Data items

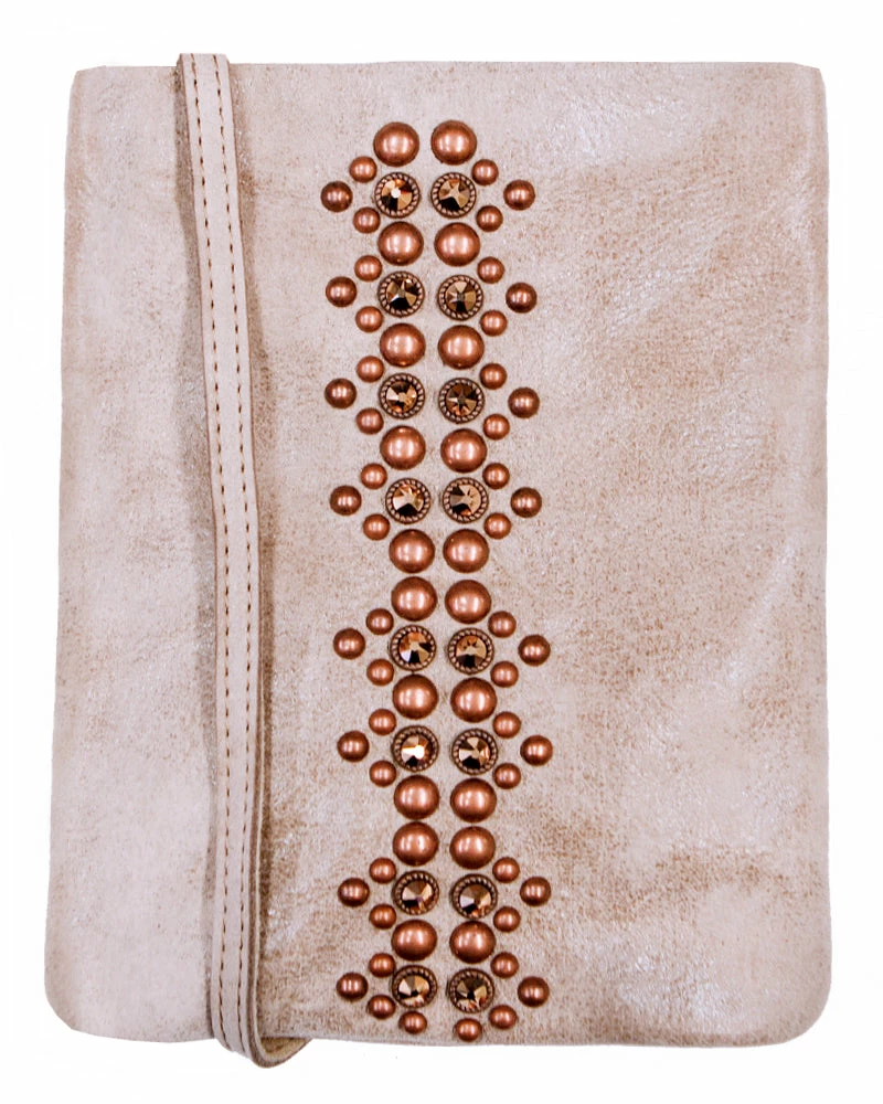An update to our classic cell phone pouch style. A studded crystal design runs down the middle, adding interest to this on-the-go bag.
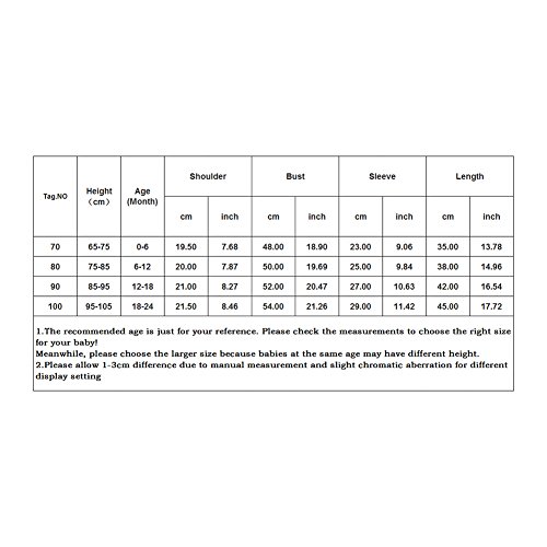 70cm:身長:65-75cm、肩幅:19.5cm、着丈:35cm、バスト:48cm、袖丈:23cm、年齢:0~6ヶ月
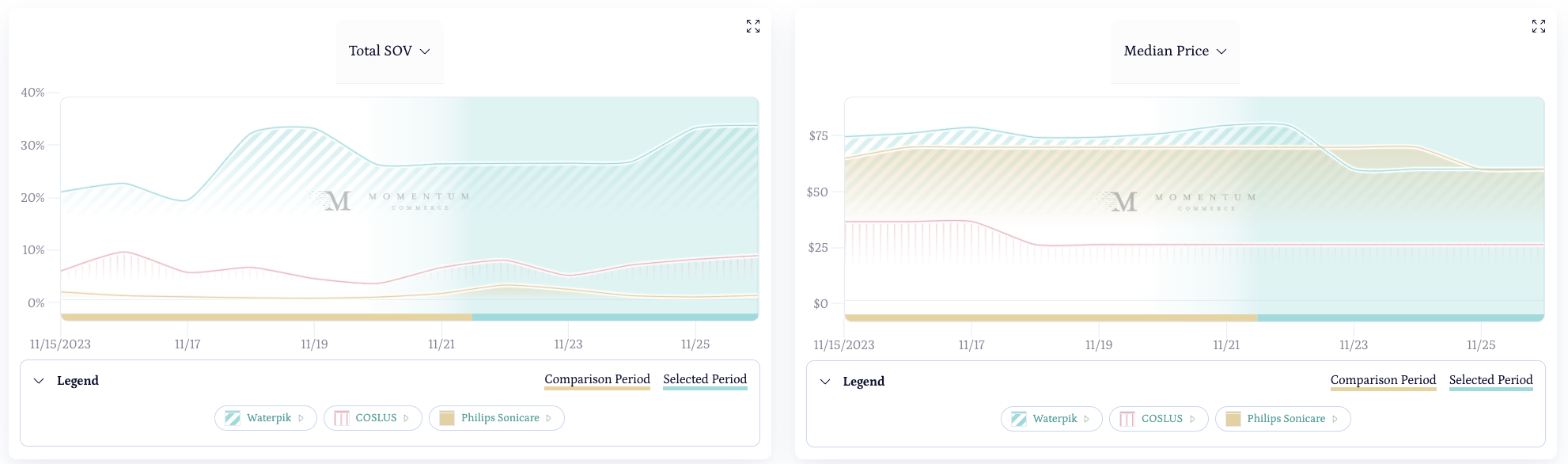 Waterpik already dominated this category on Amazon coming into the sale period and essentially doubled down on that position. Their increased paid SOV helped hold their advantages in the face of strong paid investment and price promotion activity from Coslus, Philips Sonicare, and others.
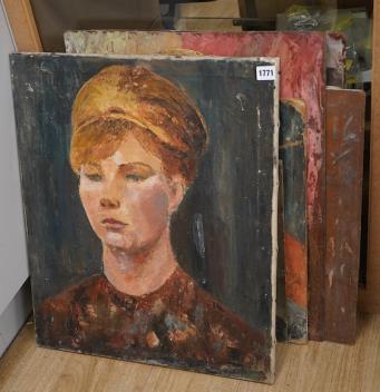 Modern British, a collection of portrait and nude studies, oils, unframed, most on board, largest 60 x 50cm
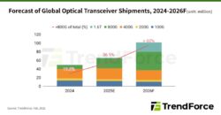 TrendForceは、800G以上の光トランシーバモジュールの世界の出荷シェアが2024年の19.5%から2026年には60%以上に上昇し、AI重視データセンタにおける標準コンポーネントとなると推定している。
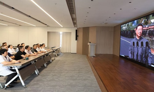 上午9时,阅兵式准时开始,当国歌奏响的那一刻,全体人员自发起立,共同高唱中华人民共和国国歌。激昂的旋律在室内回响,爱国之情在每个人心中激荡。中共中央总书记、国家主席、中央军委主席习近平在阅兵式上发表重要讲话并开始检阅部队。阅兵式展示了45个方队,看到一声声正步铿锵有力;一个个方队英姿飒爽;一辆辆车队的井然有序;一架架战机的锐不可当,数字空间部队、信息支援部队等首次亮相阅兵式。会议室里掌声不断,大家全神贯注,赞叹连连,无不为我们中华民族的日益繁荣而感到由衷的自豪。
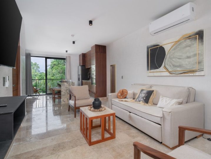 Disfrúta paraíso en este departamento luxuoso y acogedor en el corazón de Aldea Zama, Tulum. Diseñado para parejas, nuestro hogar ofrece:
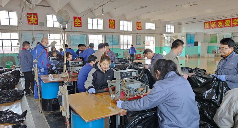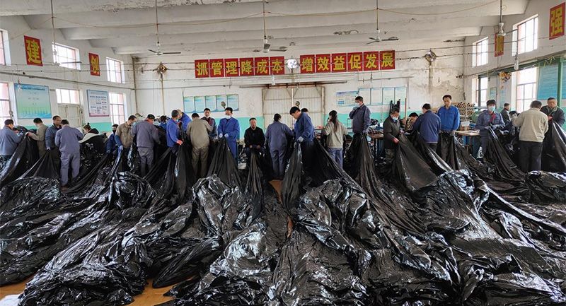 節(jié)日期間,工貿(mào)公司上下齊心協(xié)力,從班子、其他車間職工到工勤崗位全員出動(dòng),主動(dòng)放棄休息,在保證安全生產(chǎn)和完善疫情防控的要求下,加班生產(chǎn)。為了降低職工勞動(dòng)強(qiáng)度,技術(shù)研發(fā)部門通過多次改進(jìn),設(shè)計(jì)制造出了塑苫傳送裝置,大大節(jié)約了人力成本,提高了配送效率。
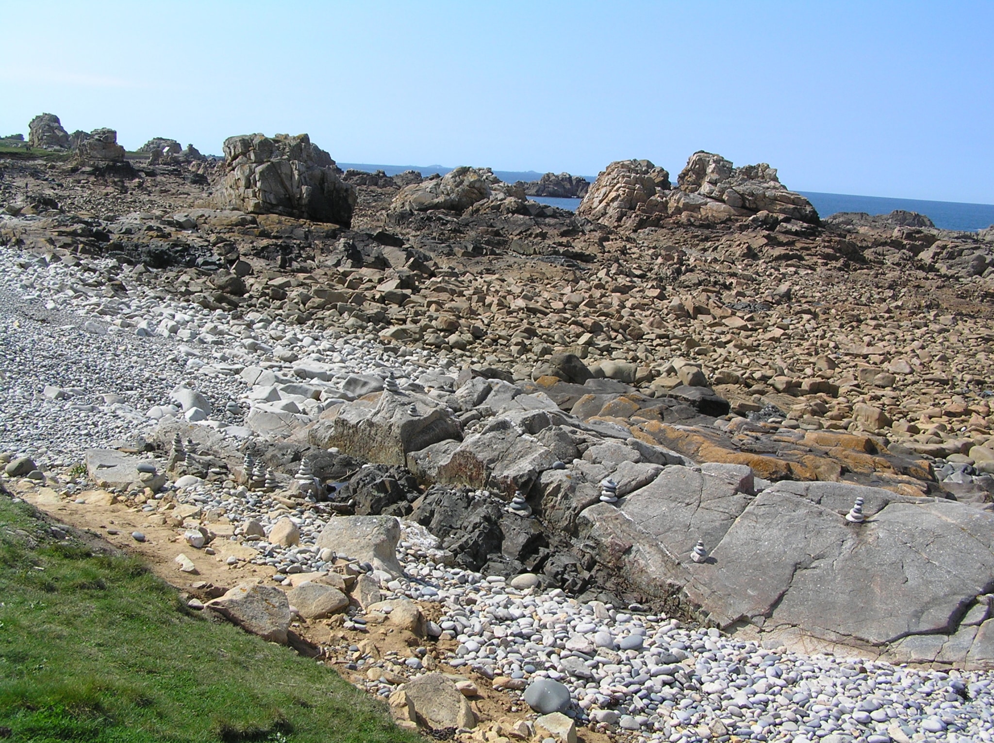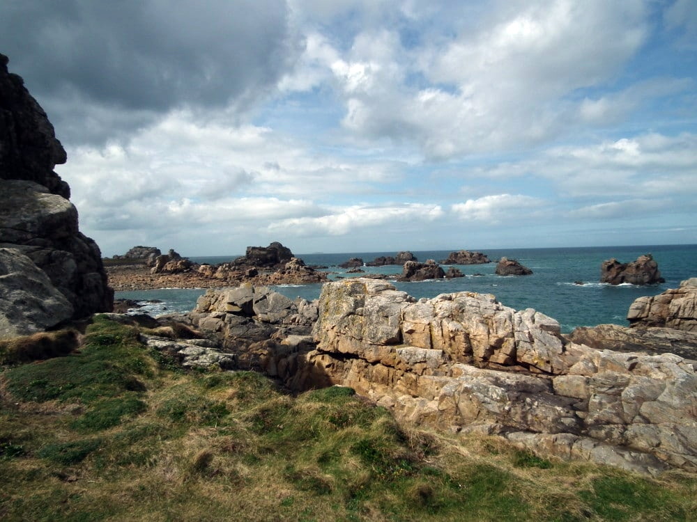 Chemin faisant, nous découvrons plusieurs « tors« , ces sentinelles minérales, dressées le long de la côte rocheuse. Le nom emprunté à la géomorphologie évoque les chaos granitiques typiques des côtes bretonnes, en équilibre parfois précaire, nés du travail de sape des marées.
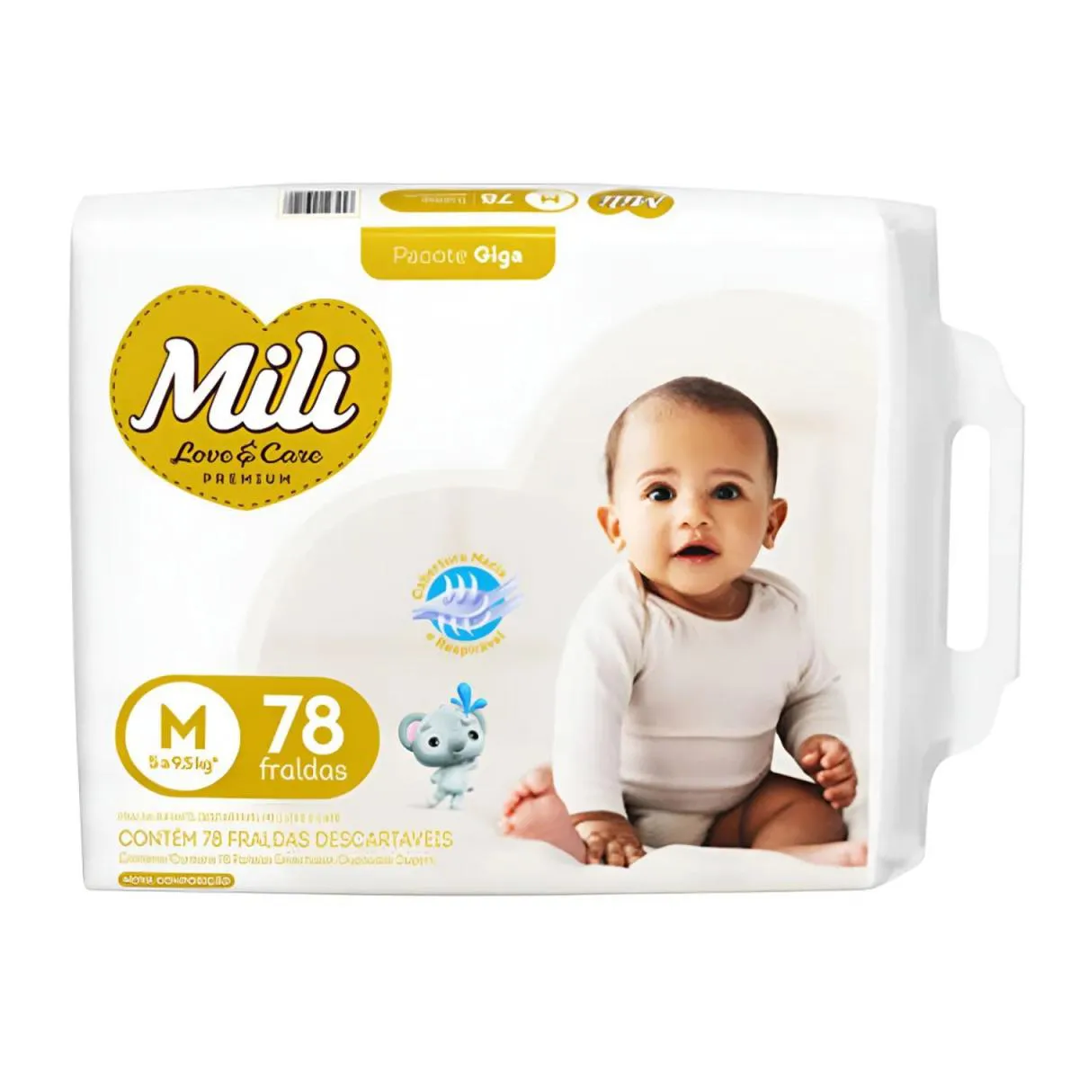 fralda Love & Care Premium M com 78 Unidades – Mili
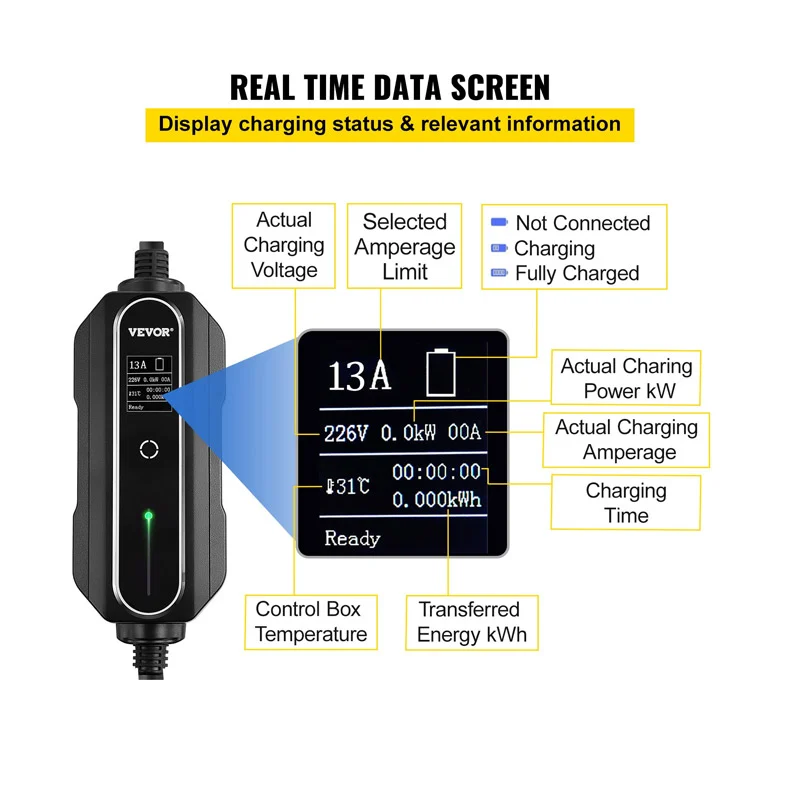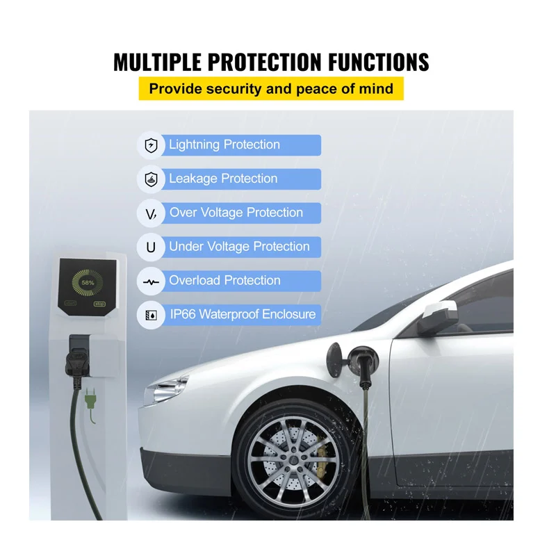 Ο φορτιστής, διαθέτει ένα έξυπνο τσιπ που παρέχει προστασία από κεραυνούς / διαρροές / υπέρταση / υπό τάση / υπερφόρτωση. Το κιβώτιο ελέγχου IP66 και η υποδοχή IP54 EV εξασφαλίζουν τη φόρτιση του αυτοκινήτου σας, ώστε να μην ανησυχείτε. Υιοθετεί μια οθόνη δεδομένων σε πραγματικό χρόνο που εμφανίζει σχετικές πληροφορίες, όπως την πραγματική τάση φόρτισης, το επιλεγμένο όριο έντασης, την πραγματική ισχύ φόρτισης κ.λπ.

- _EXERCISE BRIEF_: Though the entries above contain pictures, none should be copied; reproduce only the lines between the one holding "Modern British, a" and the one holding "TrendForceは、80", inclusive, exactly as written.

- _OUTPUT BELOW_:
 Modern British, a collection of portrait and nude studies, oils, unframed, most on board, largest 60 x 50cm
 TrendForceは、800G以上の光トランシーバモジュールの世界の出荷シェアが2024年の19.5%から2026年には60%以上に上昇し、AI重視データセンタにおける標準コンポーネントとなると推定している。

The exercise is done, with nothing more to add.